I noticed that she wore a bracelet but it was not a decorative girls type of bracelet.  It was of silver in color with writing on it.  I asked her one day what it was.  She told me it was for her boyfriend who had gone to Vietnam.  He was missing and she wore this always and never took it off.  I didn't know what to say and muttered a "oh".   That was all we said as we worked.

She wore a POW-MIA bracelet.  A young man off to war missing in action.  Her sadness was understood by me of what I thought she might be feeling.  Or so I thought.  I too had lost a boyfriend when we moved.  He as well had moved away and we had tried to correspond thinking we would still always be boyfriend and girlfriend.  It felt tragic to me not being able to see him, hug him and kiss him.  I did not know what tragic meant.

Tragic meant for her maybe never seeing the man she loved.  For he was a man, not a teenager, sent to fight, drafted.  How could she love one at her age who was so much older than she?  What did her mom and dad think of this?  How long had he been gone or was missing?  I had questions in my head but I lacked the courage to ask her.
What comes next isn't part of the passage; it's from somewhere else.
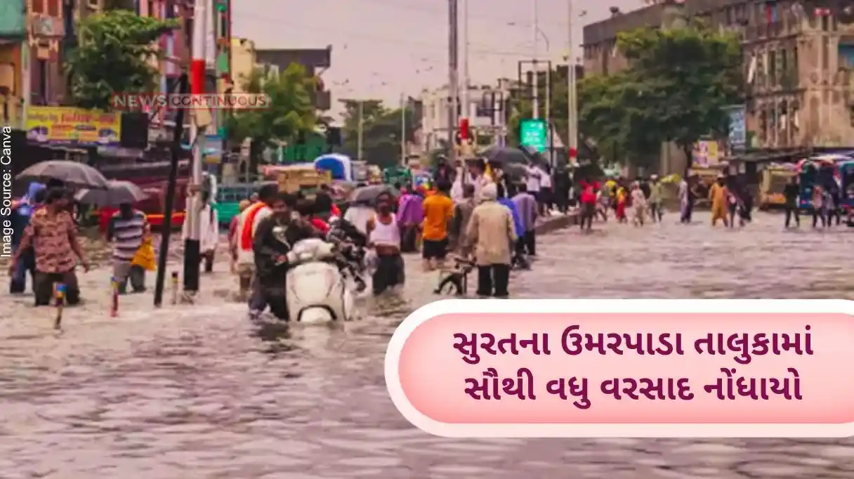 Surat Rain : ગુજરાતમાં છેલ્લા ૨૪ કલાક દરમિયાન સુરત ( Surat ) જિલ્લાના ઉમરપાડા તાલુકામાં સૌથી વધુ ૧૧ ઇંચ પલસાણા તાલુકામાં ૧૦ ઇંચ વરસાદ તેમજ નવસારી ખેરગામ તાલુકામાં ૯ ઇંચ વરસાદ નોંધાયો છે. જ્યારે જૂનાગઢના વિસાવદર તાલુકામાં ૮ ઇંચ અને સુરત જિલ્લાના કામરેજ અને બારડોલી તાલુકામાં ૮-૮ ઇંચ વરસાદ અને દેવભૂમિ દ્વારકાના દ્વારકા તાલુકામાં ૮ ઇંચ વરસાદ નોંધાયાના અહેવાલો છે. આ ઉપરાંત ડાંગ જિલ્લાના વઘઈ તાલુકામાં ૭ ઇંચ અને તાપી જિલ્લાના વ્યારા તાલુકામાં ૭ ઇંચ વરસાદ નોંધાયો છે.

She had been absent for a few days and I wondered when she would be back.  Our class project now was working on leather belts, pounding on the head of a tool with a small hammer to create designs of our choosing. By now I had made new friends at the school as well as in this class and was accepting to a point that this was where we lived in this new town.  I still dreamed that somehow I could convince my parents to let me move back to our old town and live with my girlfriend's family.

She was gone a week.  When she came back she looked more frail and pale that before.  It saddened me to see her so.  I asked her what happened, had she been real sick?  She looked at me with old eyes and said "I had to stay home because my baby was sick".  I was speechless.  She had a baby?  She was 14.  In my world you don't have a baby at 14. 

She told me that she missed her boyfriend so much. That he was the father of their little girl.  It was hard to raise her child alone even though she lived at home with her mother and father.  She had not seen him for a year.  She did not know if she ever would.  She did not know what would happen with her life but here she sat making a dumb leather belt, going to middle school as a 9th grader and not to High School.  She was a young teen mother and not married.  

This was my wake up call that life can be tragic beyond a break-up of a boyfriend at school because he liked another girl over you.  This was more tragic than having to move away from your friends.  I didn't have the maturity to understand what she might be going through but I could be her friend here and now.

I didn't get to know her any more than in that class. Sometimes the shallowness of our teen years keeps us from wanting to reach out beyond the girlhood rules of friendship.  The girls I began to hang out with cheered me up and accepted me.  She didn't have time to be a teenager to do what teens do. To go to the movies or shopping.   I didn't see her again when we all finally moved on to 10th grade and at last to High School.  

I am haunted by her memory all those years ago.